Caio F.

 

Acordo, tomo café com um maravilhoso pão de abóbora, sinto um certa culpa pela gula. Ainda um tanto de louça na pia desde ontem, roupa no varal de quinta-feira. Coloco o último episódio do podcast Peixe voador na caixinha e vou fazer as tarefas domésticas. Patrícia Palumbo lê textos pedidos pelos ouvintes, Ana Cristina César, Ferreira Gullar, Borges, Fernanda Takai lendo Drummond. No meio de tudo, ela lê duas cartas de Caio Fernando Abreu que são pequenas maravilhas, em uma delas ele fala de Amsterdã, na outra conta ter descoberto ser hiv positivo. A de Amsterdã é luminosa, a outra pura coragem. Ele fala sobre a beleza da vida, algo que desconfio que todo mundo que já teve algo grave sente com muita força. Ouvi-lo é entender a expressão bonito de doer.

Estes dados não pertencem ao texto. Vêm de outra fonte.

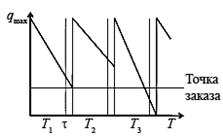 - регулирование запаса осуществляется 1 раз между периодами заказов;

Saio para resolver coisas na rua, fazer compras. De volta a casa, abro uma cerveja, uma amiga liga, conversamos por mais de uma hora enquanto pego uma salada boa e almoço. Ela me conta do crescimento dos casos de covid-19 na Alemanha, eu conto que tenho encontrado amigos enquanto seu ômicron não vem. Falamos de possíveis viagens, essa coisa tão boa para planejar e botar esperança no peito da gente. Que tal o Butão? Talvez a Sicília? Gostaria de conhecer o Marrocos um dia. Quando enfim desligamos, vou para minha estante, procurar o volume das Cartas de Caio F. que ganhei de uma das minhas irmãs há muito tempo e que não releio há muito. Enquanto a gata mia pedindo colo e carinho, explico para ela que preciso de um livro. Fuço um pouco, não sei mentalmente onde ele está mas termino por vê-lo, em uma das fileiras de trás de uma prateleira. Falo sempre que preciso doar a maior parte dos meus livros, mas como fazê-lo se volta e meia encontro coisas que adoro e que ficaram esquecidas por um tempo, esperando a necessidade desses textos amadurecer e voltar, como pêssegos e cerejas de verão. É a vantagem de ter uma biblioteca, a gente redescobre coisas.

Na primeira carta, ele fala com o pai, o chama de senhor. É uma carta profundamente amorosa, preocupada com o desânimo que ele enxerga no pai e na mãe e convidando-os para vir passar um tempo com ele. As cartas seguintes são para amigas e amigos, ele fala de livros, da rotina, de trabalho. No início ele trabalha na Abril, um ano antes de eu também trabalhar lá. Depois vai para a Leia Livros, onde meu ex-marido trabalhou alguns anos depois. Volta para casa e circula pela rua dos Pinheiros, a um quarteirão e meio de onde moro. É como uma camada de tempo ligeiramente anterior à minha, eu transitaria pelos mesmos lugares pouco tempo depois.

Adoro cartas, adoro o afeto transbordante que as pessoas deixavam atravessá-las. Nada de bjs ou abs e sim “Me dá notícias qualquer hora, de repente. Te gosto sempre. Muito carinho. Um beijo do Caio Fernando Abreu”. Ou “Te quero imensamente, meu coração bate forte”.  Há alguns meses ouvi alguém ler uma carta do José Saramago para o Jorge Amado. O escritor do texto seco quase pedra derrama-se em manifestações de carinho e amizade, como hoje em dia desconfio que teríamos vergonha de escrever até mesmo para o amor da vida, por medo de parecer pegajoso e carente. Mas faz falta não faz? É bom demais. Experimentem.